The E100T-G Ethernet card provides high-throughput, low-latency packet switching of Ethernet traffic across an SDH/SONET network while providing a greater degree of reliability through SDH/SONET "self-healing" protection services. This Ethernet capability enables network operators to provide multiple 10/100 MBits/s (Mbps) access drops for high-capacity customer LAN interconnects, Internet traffic, and cable modem traffic aggregation. Efficient transport and co-existence of traditional TDM traffic with packet-switched data traffic are provided.
The E100T-G eliminates the need for external aggregation equipment such as Ethernet switches, remote headends or distributed points of presence (POPs).
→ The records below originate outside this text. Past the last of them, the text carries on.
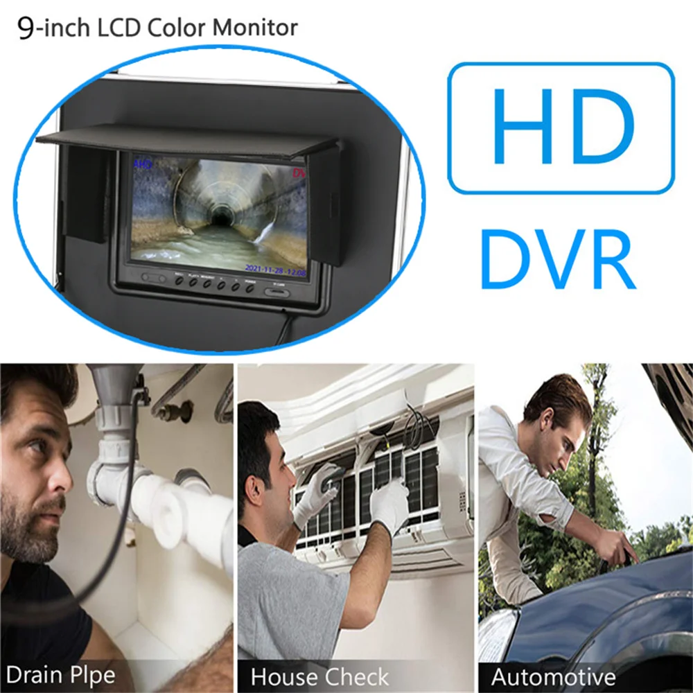 DVR 9" Monitor Sewer Pipe Inspection Video Camera ,IP68 AHD 1080P Drain Sewer Pipeline Industrial Endoscope System with 12PCS LED Lights 16GB Card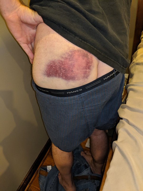 The other cheek was jealous and wanted some symmetry.Checking this thread some of the nice purple bruise pics reminded me of this fun one. Thought i would share a gratuitous butt pic. I had a hip pad just an inch or 2 to the side of whetlre and he rock hit. Better now but the real weird thing was when it spread across the crack to the other cheek.View attachment 132027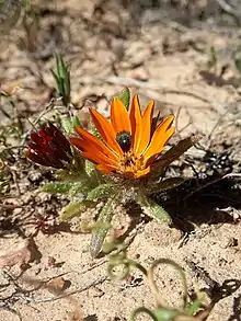 Gorteria is a genus of small annual herbaceous plants or shrubs, with 8 known species, that is assigned to the daisy family (Compositae or Asteraceae). Like in almost all Asteraceae, the individual flowers are 5-merous, small and clustered in typical heads, and are surrounded by an involucre, consisting of in this case several whorls of bracts, which are merged at their base. In Gorteria, the centre of the head is taken by relatively few bisexual and sometimes also male, yellow to orange disc florets, and is surrounded by one complete whorl of 5–14 infertile cream to dark orange ray florets, sometimes with a few ray florets nearer to the centre. None, some or all of them may have darker spots at their base. The fruits remain attached to their common base when ripe, and it is the entire head that breaks free from the plant. One or few seeds germinate inside the flower head which can be found at the foot of plants during their first year. The species flower between August and October, except for G. warmbadica that blooms mostly in May and June. The species of the genus Gorteria can be found in Namibia and South Africa.[2]
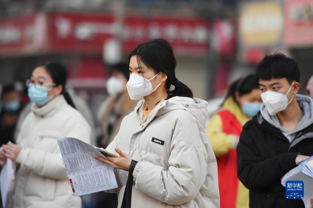 1月7日-8日,中央机关及其直属机构2023年度考试录用公务员笔试举行。这是1月8日,在安徽省阜阳市颍州中学考点,考生入场参加公共科目笔试。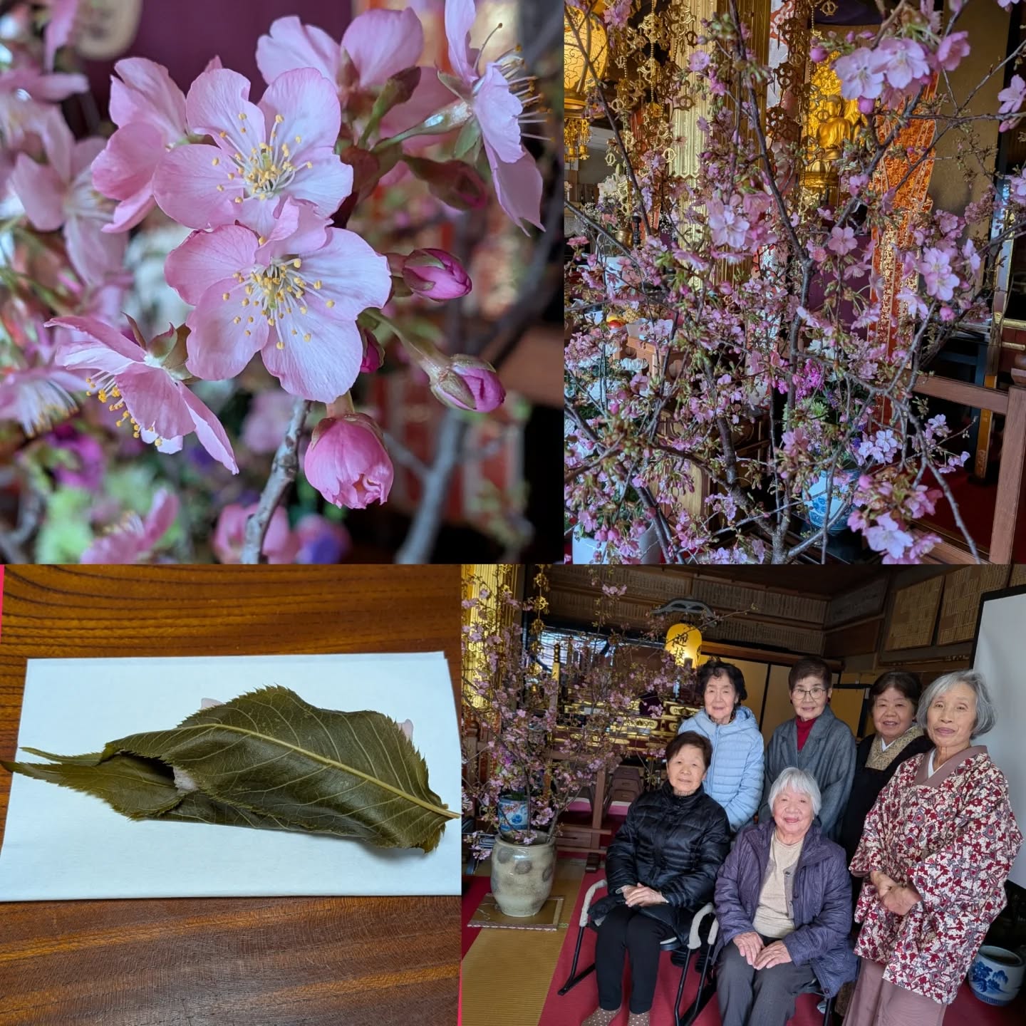 煎茶サロンお稽古会でした。1月2月と雪の為に中止が相次ぎ、今日から仕切り直しというところです。桃の節句を控えていますが、お菓子は、菓子はな(@kashihana.wagashi )さんの桜もち。とても美味しくて、写真でお伝えできないのをもどかしく思います。久しぶりに、皆さんがお点前の稽古でした。玉露と桜もちで、和やかなひとときを楽しみましたよ。ご本堂の河津桜も開花が始まり、ハイポーズ!

Each E100T-G card supports standards-based, wire-speed, layer 2 Ethernet switching between its Ethernet ports. The 802.1Q tag and port-based VLANs logically isolate traffic (typically subscribers). Priority queuing is also supported to provide multiple classes of service.
You can install the E100T-G card in any multispeed slot. Multiple Ethernet cards installed in an ONS 15454 SDH act as a single switch supporting a variety of SDH/SONET port configurations. You can create logical SDH/SONET ports by provisioning a number of VC-4 channels to the packet switch entity within the ADM. Logical ports can be created with a bandwidth granularity of VC-4. The ONS 15454 SDH supports VC-4-1c, VC-4-2c, or VC-4-4c signal levels.
The E100T-G card faceplate has three card-level LED indicators.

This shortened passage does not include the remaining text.